Ricevere una multa per eccesso di velocità è un’esperienza comune, ma non sempre il verbale è legittimo. Un aspetto fondamentale, spesso trascurato, riguarda la conformità dell’apparecchio utilizzato per la rilevazione: l’autovelox. Secondo un principio giuridico consolidato, le sanzioni emesse da dispositivi non regolarmente omologati possono essere annullate. Questo non è un cavillo legale, ma una garanzia fondamentale per i cittadini, che hanno il diritto di essere sanzionati solo sulla base di accertamenti precisi e affidabili.
La differenza cruciale tra omologazione e approvazione
Per comprendere perché molte multe vengono annullate, è essenziale chiarire la distinzione tra due procedure amministrative che possono sembrare simili ma hanno un valore legale molto diverso: l’omologazione e la semplice approvazione ministeriale.
L’approvazione è un procedimento più snello con cui il Ministero competente autorizza l’uso di un modello di autovelox dopo aver verificato che rispetti determinate caratteristiche tecniche e normative. Si tratta di un controllo di conformità di base.
L’omologazione, invece, è una procedura molto più rigorosa e approfondita. Non si limita a un controllo documentale, ma prevede test e prove pratiche su un prototipo del dispositivo. L’obiettivo è accertarne non solo la conformità alle norme, ma anche e soprattutto l’efficacia, la precisione e l’affidabilità nel tempo. Solo al termine di questi controlli severi, che possono coinvolgere anche il parere di organi tecnici superiori, il prototipo viene omologato. Questa certificazione garantisce che l’apparecchio sia idoneo a fungere da fonte di prova per l’accertamento automatico delle infrazioni.
Perché l’omologazione è indispensabile per la validità della multa
Il Codice della Strada è molto chiaro su questo punto. L’articolo 142, comma 6, stabilisce che per l’accertamento dei limiti di velocità, le risultanze di “apparecchiature debitamente omologate” sono considerate fonti di prova. La legge, quindi, non parla di apparecchiature genericamente “approvate”, ma richiede specificamente il livello di garanzia superiore offerto dall’omologazione.
Questa distinzione è la chiave di volta di molti ricorsi accolti. Un dispositivo solo approvato non fornisce le stesse garanzie di affidabilità di uno omologato. Poiché la multa viene emessa in modo automatico, senza la presenza e la contestazione immediata da parte di un agente, è indispensabile che lo strumento utilizzato sia stato verificato secondo i più alti standard di precisione. In assenza del certificato di omologazione, la prova della violazione viene meno, rendendo il verbale nullo per carenza di prova.
Cosa fare se si riceve una multa da un autovelox non omologato
Se si riceve un verbale per eccesso di velocità e si sospetta un’irregolarità legata all’apparecchio, è possibile agire per tutelare i propri diritti. Ecco i passaggi da seguire:
- Analizzare il verbale: Il primo passo è leggere attentamente la multa. Il documento deve riportare il modello dell’autovelox utilizzato e gli estremi del decreto di omologazione. La mancanza di queste informazioni è già un primo campanello d’allarme.
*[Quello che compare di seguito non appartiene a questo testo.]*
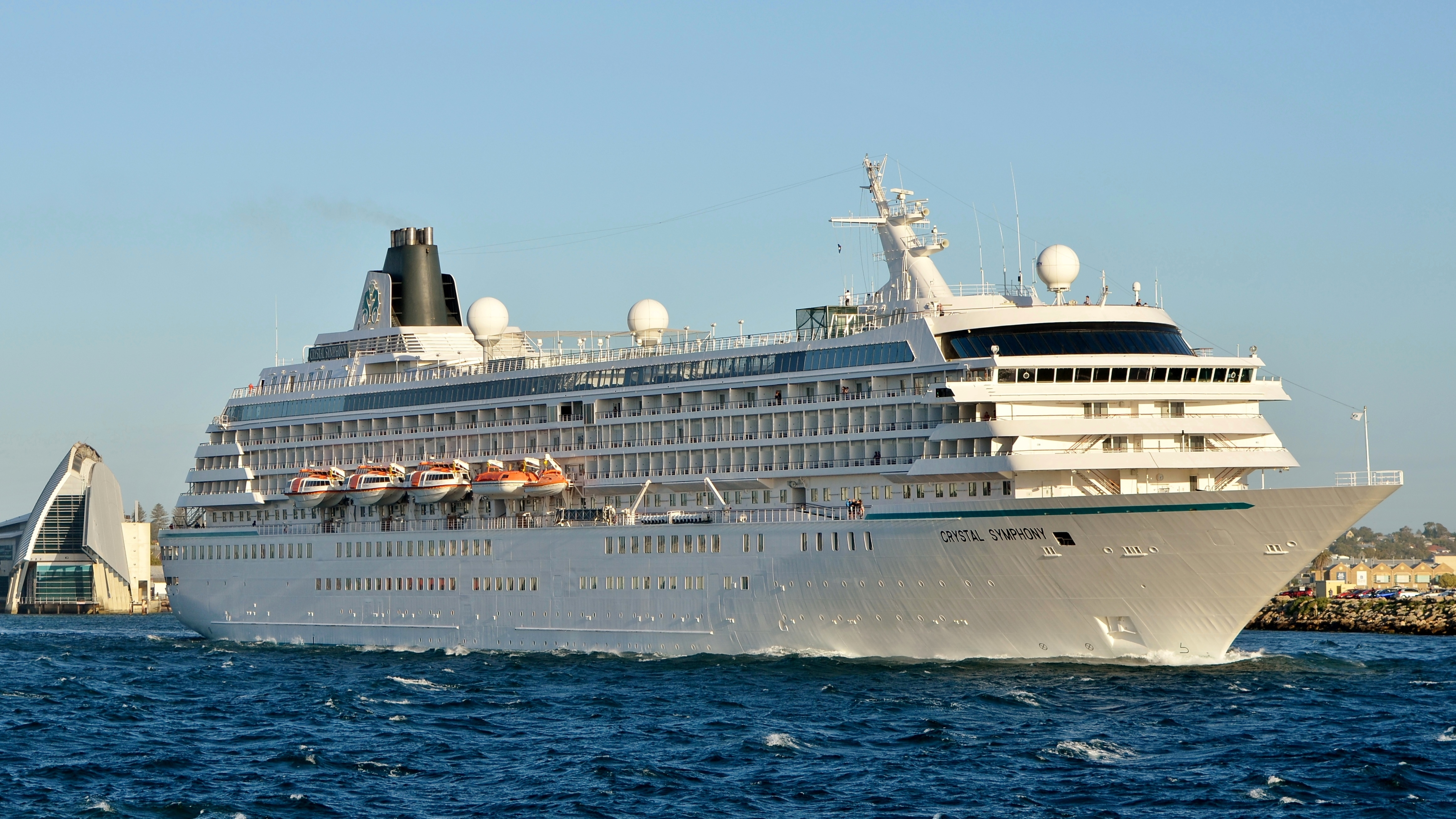 Cruise ship Crystal Symphony departing from the inner harbour of the Port of Fremantle, Western Australia, on a Southern Australia & Tasmania cruise from Fremantle to Sydney

- Richiedere l’accesso agli atti: Il cittadino ha il diritto di chiedere all’ente che ha emesso la multa (Comune, Polizia Stradale, ecc.) di visionare tutta la documentazione relativa all’autovelox. L’atto più importante da richiedere è il certificato di omologazione. Spesso, le amministrazioni forniscono solo il certificato di approvazione, che, come visto, non è sufficiente.
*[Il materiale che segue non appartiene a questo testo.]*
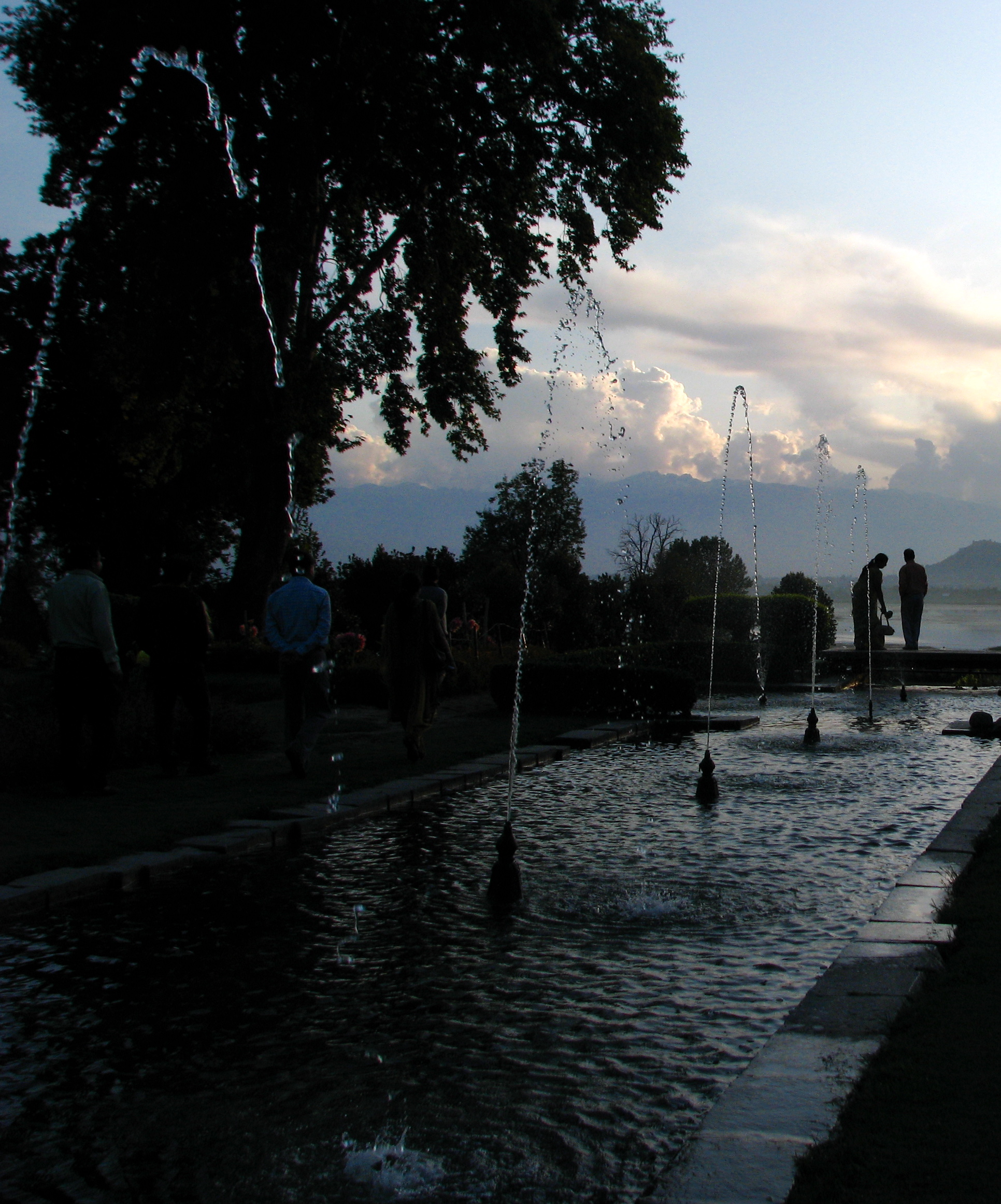 Playful fountains at Nishat Bagh Mughal gardens

- Verificare le verifiche periodiche: Oltre all’omologazione iniziale, gli autovelox devono essere sottoposti a tarature e verifiche di funzionalità periodiche, almeno una volta all’anno. È diritto del cittadino verificare anche la presenza di questi certificati.
- Presentare ricorso: Se dalla documentazione emerge che l’apparecchio è solo approvato o che mancano le verifiche periodiche, ci sono ottime probabilità di ottenere l’annullamento della multa. Il ricorso può essere presentato entro 30 giorni dalla notifica al Giudice di Pace oppure entro 60 giorni al Prefetto.
Contestare una multa basata su un autovelox non conforme non significa cercare una scappatoia, ma far valere un proprio diritto a un accertamento corretto e trasparente. La precisione degli strumenti di rilevazione è una garanzia per tutti gli utenti della strada.